Zeolite battery heater

Abstract

The invention utilizes the heat storage capabilities of the mineral family of zeolites. Zeolite media is stored in a container. There is a place to add water to the zeolite in the container that will then release heat. The zeolite media releases its heat and heats a coil that is within the container and extends outside the container to heat a battery or a surrounding area. When the heat stored in the zeolite is exhausted it is recharged by using the heat coil in reverse to heat the zeolite and evaporate the water. The steam leaves the container through a one-way steam valve. Once the water is evaporated the zeolite is recharged with heat and ready for another use. This invention has a simple functionality store heat in zeolite, add water to release heat from zeolite, reheat the zeolite when evaporating the water. The invention contains the infrastructure required.

Claims

1. A battery heater, comprising: a container having an inlet and a one-way steam release valve; zeolite media disposed within the container; and, a heat coil having a first end disposed within the container and a second end disposed outside of the container and configured for connection to a battery pack; wherein water entering the container through the inlet is configured to be absorbed by the zeolite causing release of heat stored in the zeolite which is transferred by the heat coil out of the container to the battery pack; and wherein heat subsequently entering the container through the heat coil is configured to be absorbed by the zeolite causing evaporation of water stored in the zeolite which is transferred out of the container through the one-way steam release valve.

Description

BRIEF DESCRIPTION OF THE DRAWINGS

(1) FIG. 1 is a diagrammatic view of one embodiment of a zeolite battery heater.

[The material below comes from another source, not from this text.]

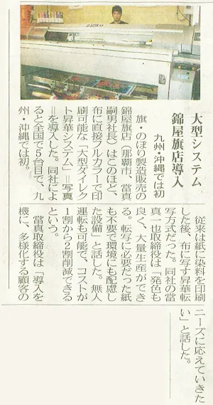 | 営業品目 | 旗、のぼり、国旗、学校旗、優勝旗、会社旗、市町村旗、大漁旗、安全旗、はっぴ、のれん、紅白幕,ちょうちん、座布団、腕章、タオル、手拭、横断幕、懸垂幕、立看板、簡易型看板 |

DETAILED DESCRIPTION OF THE INVENTION

(2) Water application port (1), opens to the outside of the container (7) and then extends in the container (7) with a pipe that allows water to distribute evenly onto the zeolite media (3) contained within. On top of the container (7) is a one-way steam valve (2). Within the container (7) and extending out from it is a heat coil (4). Heat coil (4) extends to a battery pack (5).

(3) The zeolite media (3) in a container (7) where water is added (1) then heating a heat coil (4) that transfers heat to the battery (5). When the water is heated out of the zeolite media (3) the steam escapes through the steam valve (2).

(4) The insulated container (7) holds zeolite media (3) this zeolite is charged up to store heat by wetting it and then using the heat coil (4) to heat it and evaporate the water out of the zeolite. The steam will leave the container (7) through the steam valve (2) on the top of the container. To use the stored heat you then add water at port (1) to wet the zeolite. The zeolite will begin to release its stored heat when it gets wet. This heat will then heat up the heat coil (4). The heat coil (4) will then transfer the heat to the battery pack (5). Once the heat is exhausted from the zeolite it can be recharged by the same process of heating the zeolite with the heat coil and evaporating the water again.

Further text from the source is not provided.